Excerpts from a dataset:
==============================

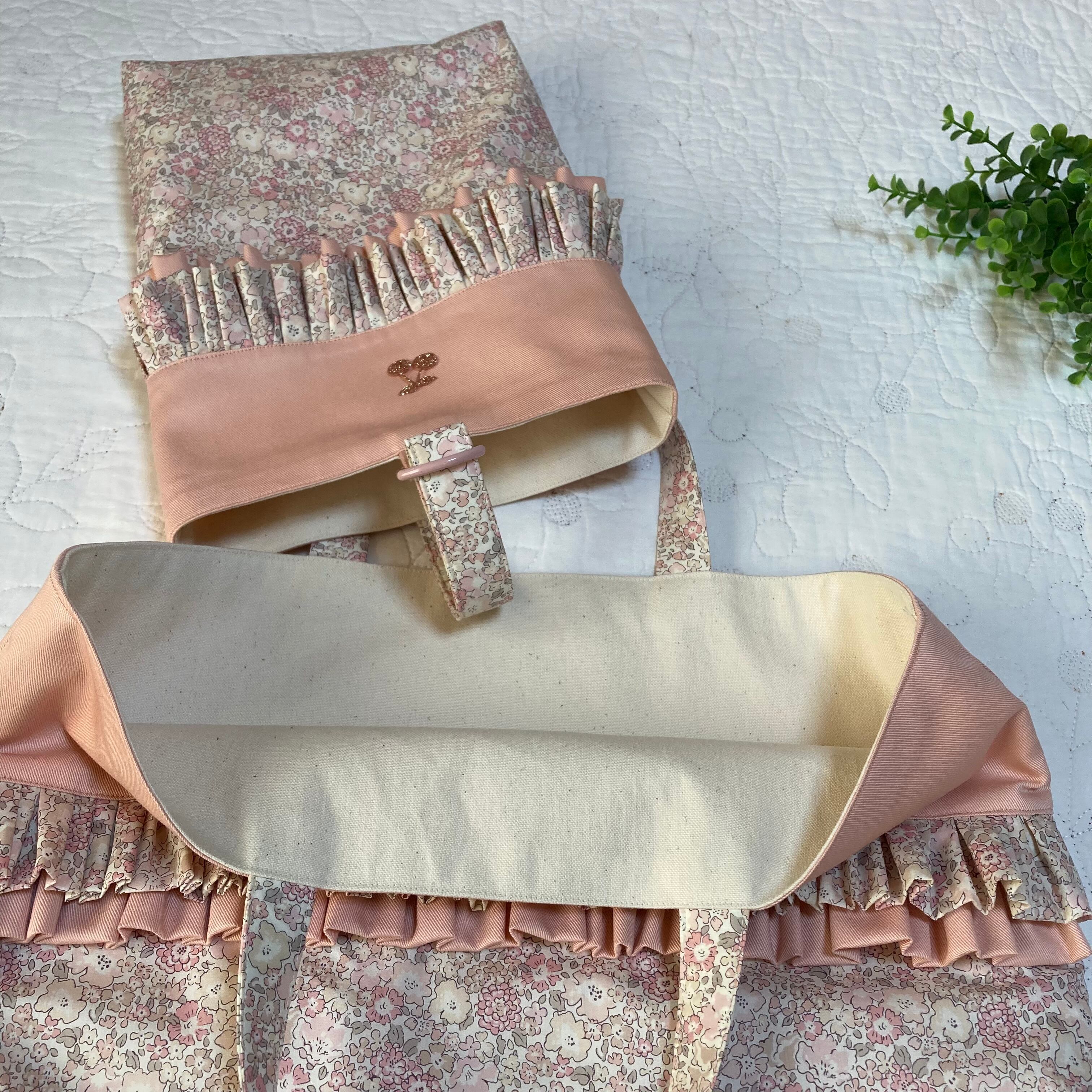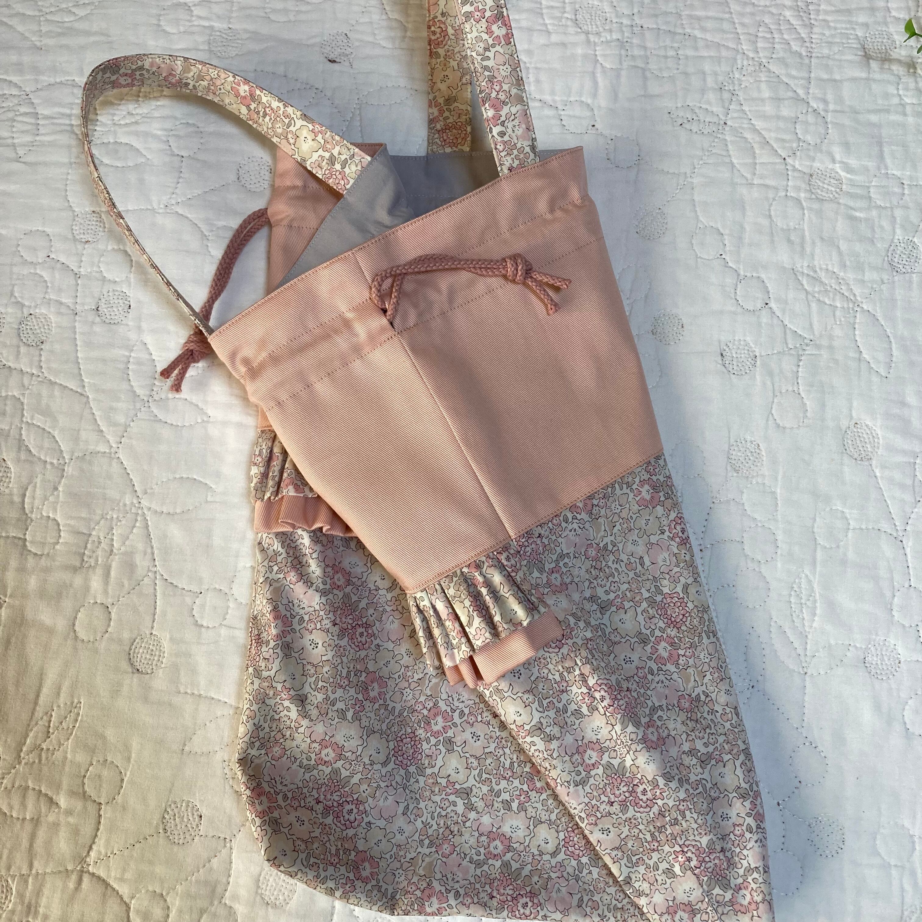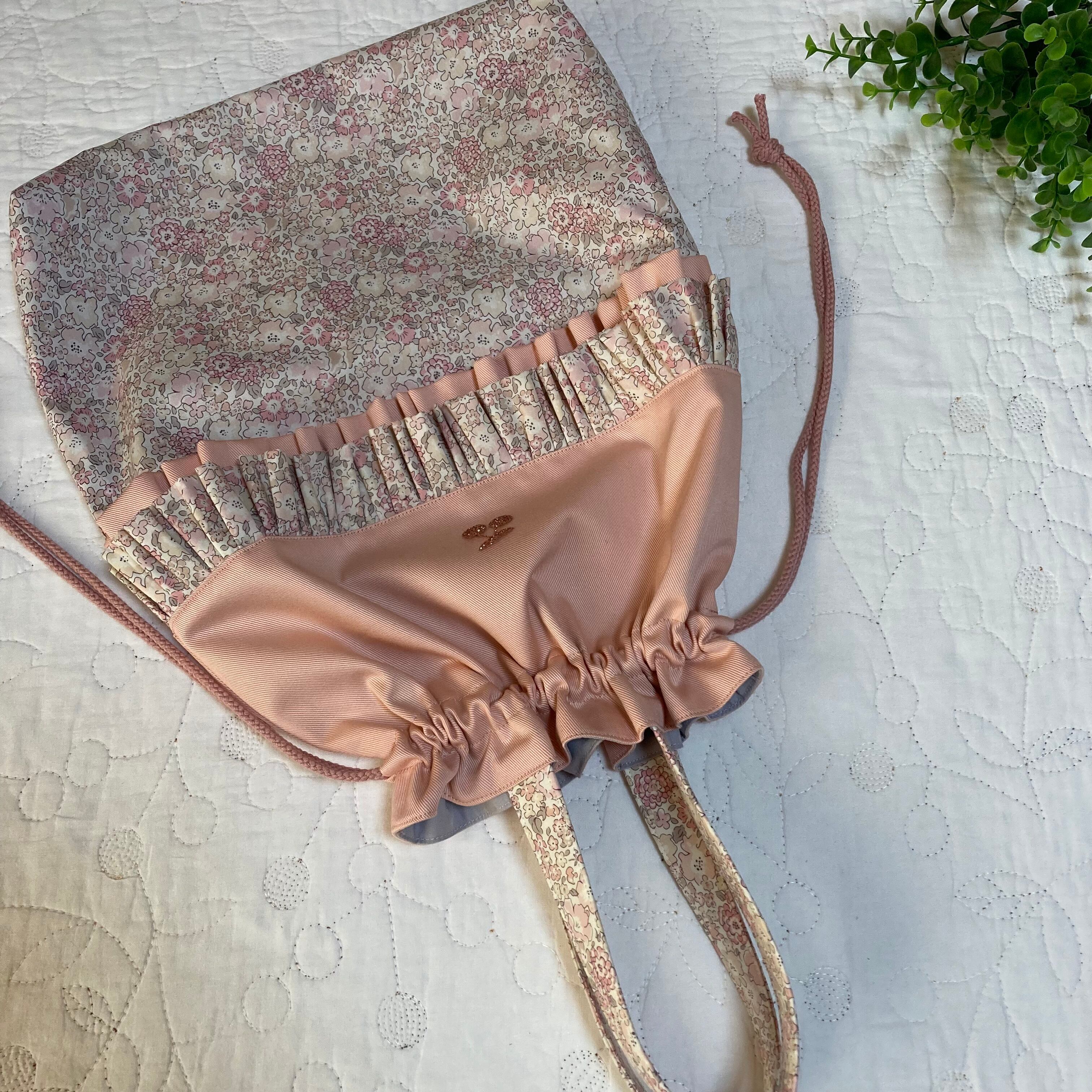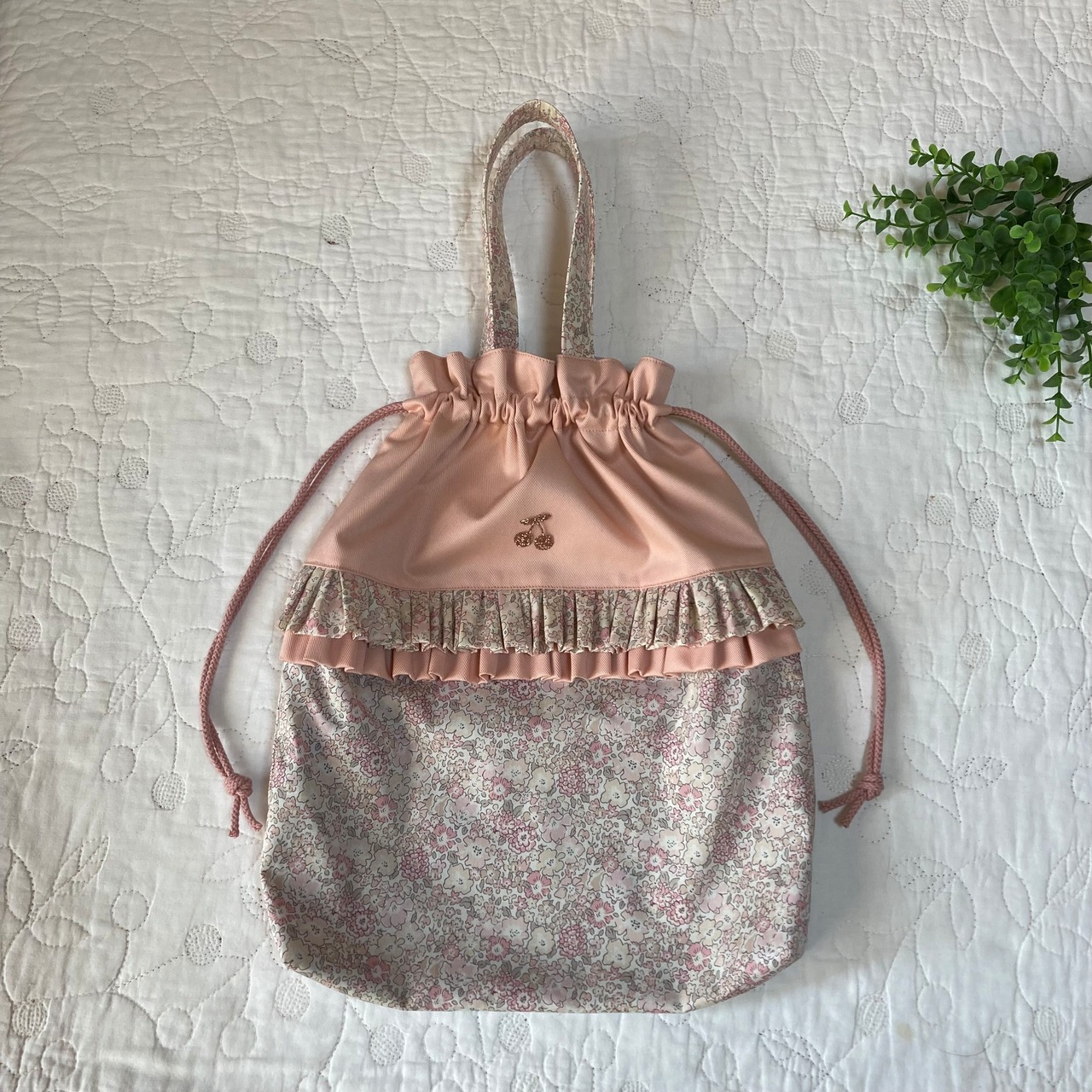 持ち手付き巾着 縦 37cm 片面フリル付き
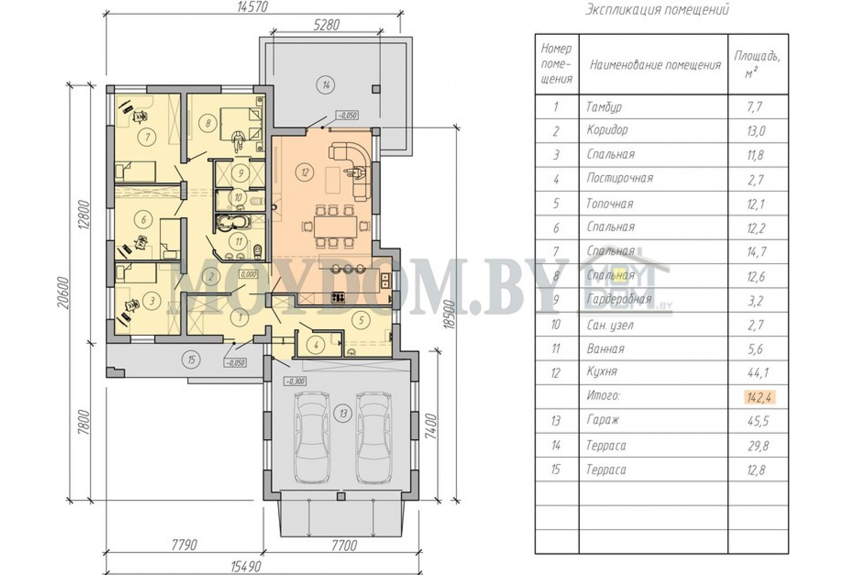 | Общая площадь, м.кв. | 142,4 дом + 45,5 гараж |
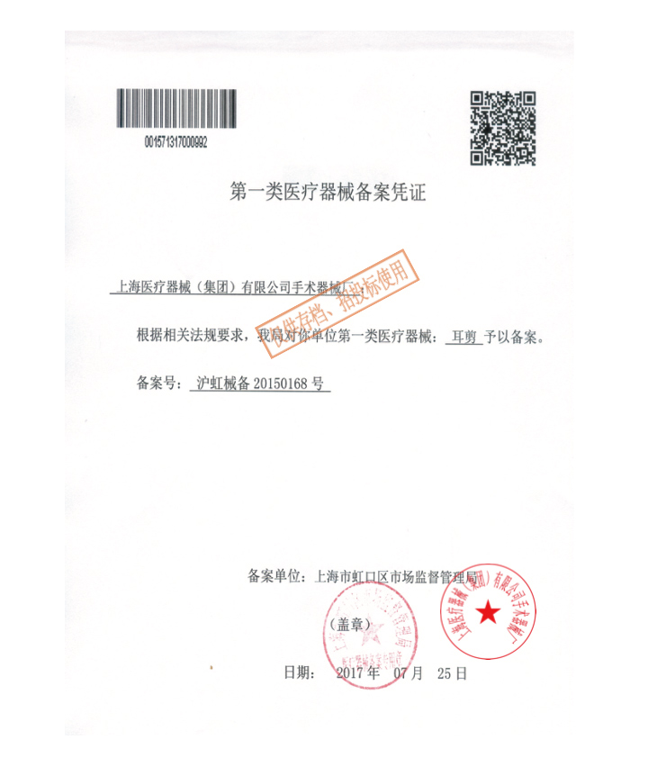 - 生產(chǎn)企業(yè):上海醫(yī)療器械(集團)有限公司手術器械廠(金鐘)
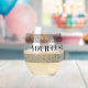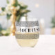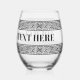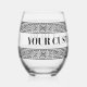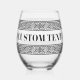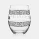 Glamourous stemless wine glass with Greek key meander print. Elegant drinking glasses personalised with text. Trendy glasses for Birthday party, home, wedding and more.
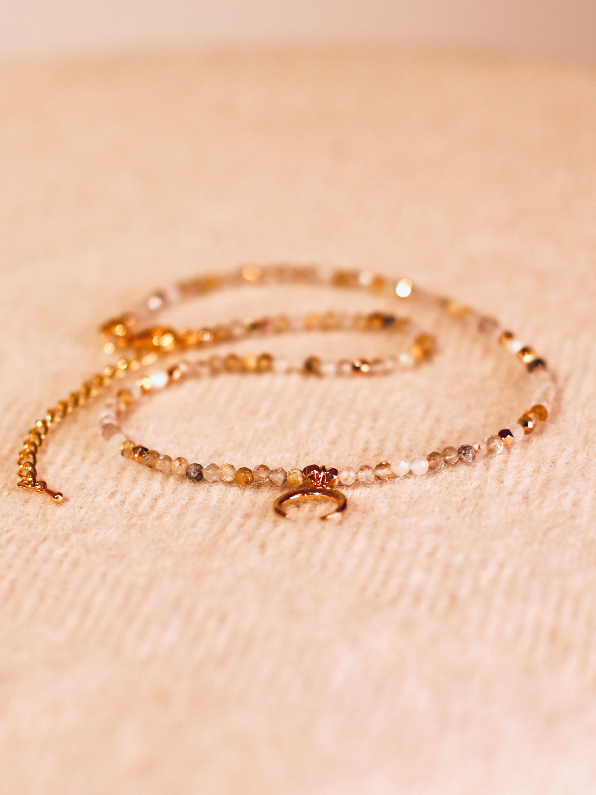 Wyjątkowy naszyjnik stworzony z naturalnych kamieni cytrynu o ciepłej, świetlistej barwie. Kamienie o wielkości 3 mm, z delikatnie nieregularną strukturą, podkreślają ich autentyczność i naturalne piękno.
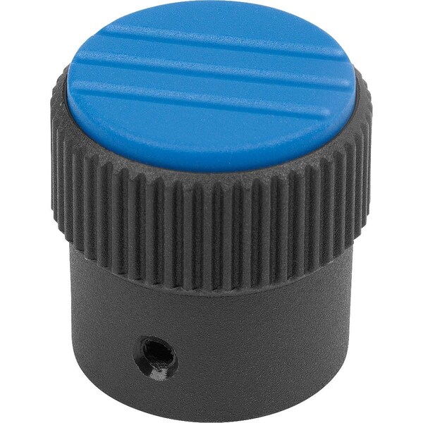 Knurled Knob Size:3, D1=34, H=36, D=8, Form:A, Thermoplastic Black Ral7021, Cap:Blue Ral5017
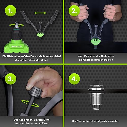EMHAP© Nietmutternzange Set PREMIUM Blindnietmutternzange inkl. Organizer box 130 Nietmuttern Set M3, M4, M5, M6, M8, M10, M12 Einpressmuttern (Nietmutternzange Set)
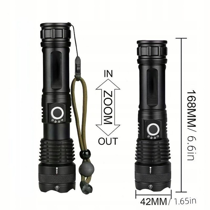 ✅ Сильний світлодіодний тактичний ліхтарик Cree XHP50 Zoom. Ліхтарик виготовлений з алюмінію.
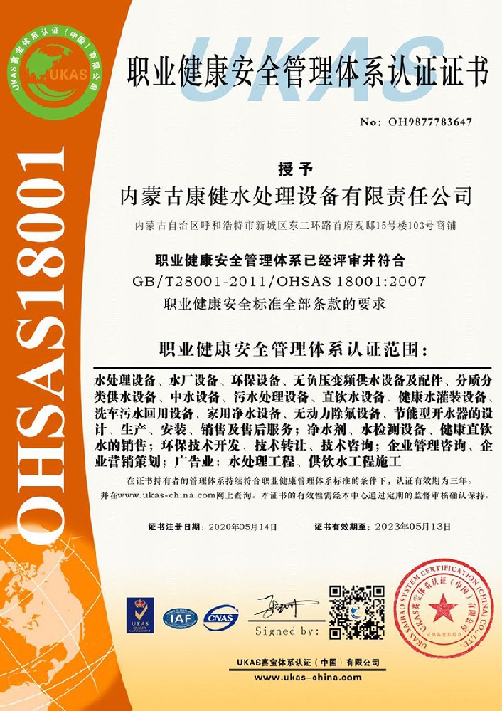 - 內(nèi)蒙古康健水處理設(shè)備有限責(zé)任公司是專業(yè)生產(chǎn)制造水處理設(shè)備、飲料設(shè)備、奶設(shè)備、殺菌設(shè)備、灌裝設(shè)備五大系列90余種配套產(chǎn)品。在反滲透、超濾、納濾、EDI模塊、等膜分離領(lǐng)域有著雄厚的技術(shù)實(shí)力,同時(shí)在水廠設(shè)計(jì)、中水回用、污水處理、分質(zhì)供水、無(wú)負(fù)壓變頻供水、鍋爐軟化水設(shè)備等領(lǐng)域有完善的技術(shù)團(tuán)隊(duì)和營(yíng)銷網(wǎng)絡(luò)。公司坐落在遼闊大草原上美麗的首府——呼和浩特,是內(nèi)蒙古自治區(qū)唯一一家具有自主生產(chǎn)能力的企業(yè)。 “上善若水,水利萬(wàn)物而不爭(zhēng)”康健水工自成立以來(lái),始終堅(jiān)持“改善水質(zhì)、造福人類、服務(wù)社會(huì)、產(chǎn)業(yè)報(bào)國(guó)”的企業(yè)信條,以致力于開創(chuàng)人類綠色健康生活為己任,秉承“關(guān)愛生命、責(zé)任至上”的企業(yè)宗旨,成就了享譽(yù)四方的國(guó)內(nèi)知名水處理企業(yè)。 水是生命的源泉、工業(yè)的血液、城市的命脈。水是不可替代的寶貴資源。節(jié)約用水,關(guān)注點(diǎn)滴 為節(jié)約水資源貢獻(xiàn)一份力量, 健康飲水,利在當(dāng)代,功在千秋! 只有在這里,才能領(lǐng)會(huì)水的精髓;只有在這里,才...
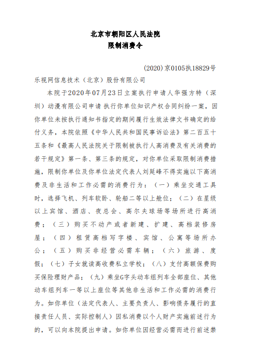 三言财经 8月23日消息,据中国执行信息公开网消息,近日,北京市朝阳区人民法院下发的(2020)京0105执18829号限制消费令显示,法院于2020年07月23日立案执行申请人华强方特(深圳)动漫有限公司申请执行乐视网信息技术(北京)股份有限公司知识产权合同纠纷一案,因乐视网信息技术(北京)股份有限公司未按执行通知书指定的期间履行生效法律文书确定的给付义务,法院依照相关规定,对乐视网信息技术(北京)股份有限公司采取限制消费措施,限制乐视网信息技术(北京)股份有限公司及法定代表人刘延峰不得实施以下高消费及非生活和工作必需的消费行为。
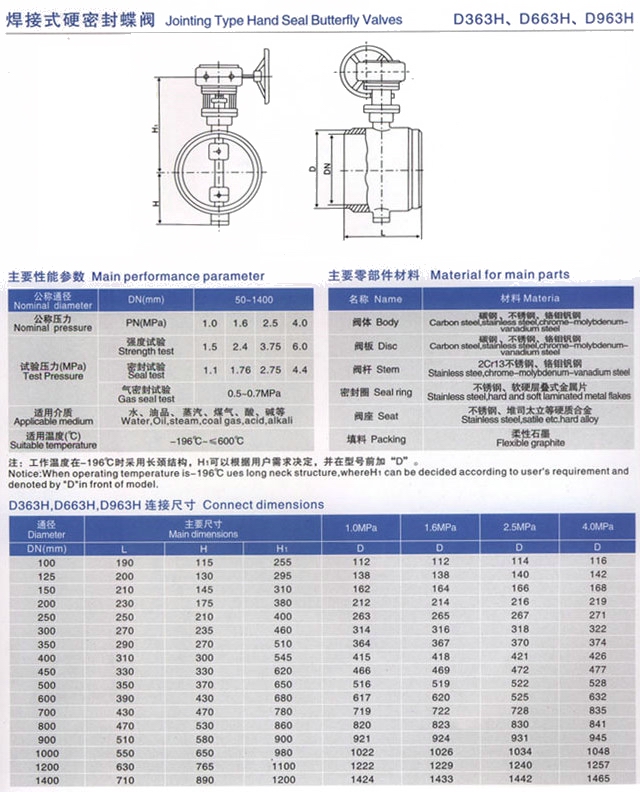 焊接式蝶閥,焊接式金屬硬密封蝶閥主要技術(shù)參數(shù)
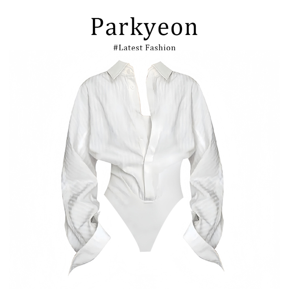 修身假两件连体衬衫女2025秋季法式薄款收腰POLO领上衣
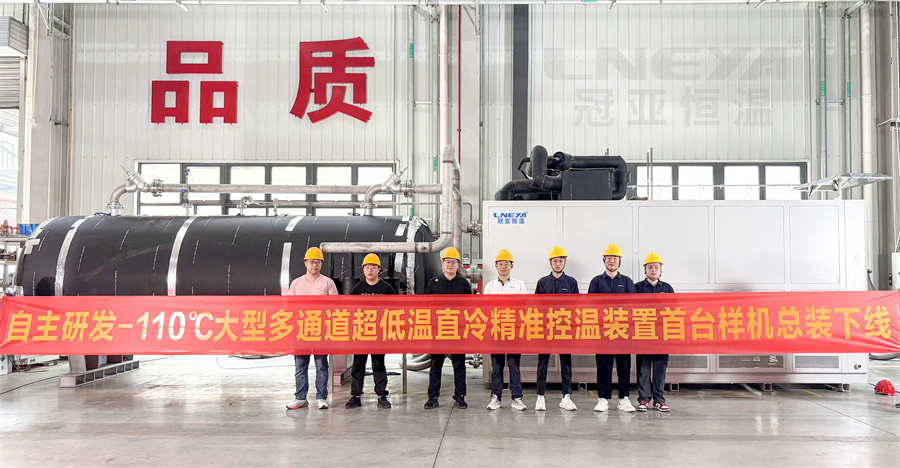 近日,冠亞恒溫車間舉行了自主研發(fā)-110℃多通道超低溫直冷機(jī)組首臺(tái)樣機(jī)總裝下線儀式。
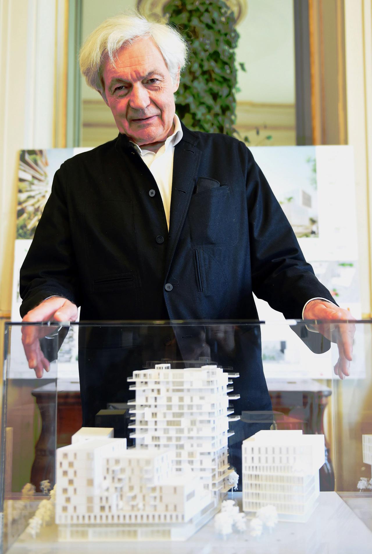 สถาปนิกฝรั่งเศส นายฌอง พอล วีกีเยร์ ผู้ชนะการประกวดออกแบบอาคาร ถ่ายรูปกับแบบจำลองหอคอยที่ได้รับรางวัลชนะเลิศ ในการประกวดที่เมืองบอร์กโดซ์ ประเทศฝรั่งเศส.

==============================

- [TASK BRIEF]:
From the data above, return exactly the lines from the one with "Knurled Knob Size:3, D1=34, H=36, D=8, Form:A, Thermoplastic" up to and including the one with "виготовлений з алюмінію.". Pictures do not go in the copy.

- [REPLY TO THE EXERCISE]:
 Knurled Knob Size:3, D1=34, H=36, D=8, Form:A, Thermoplastic Black Ral7021, Cap:Blue Ral5017
EMHAP© Nietmutternzange Set PREMIUM Blindnietmutternzange inkl. Organizer box 130 Nietmuttern Set M3, M4, M5, M6, M8, M10, M12 Einpressmuttern (Nietmutternzange Set)
 ✅ Сильний світлодіодний тактичний ліхтарик Cree XHP50 Zoom. Ліхтарик виготовлений з алюмінію.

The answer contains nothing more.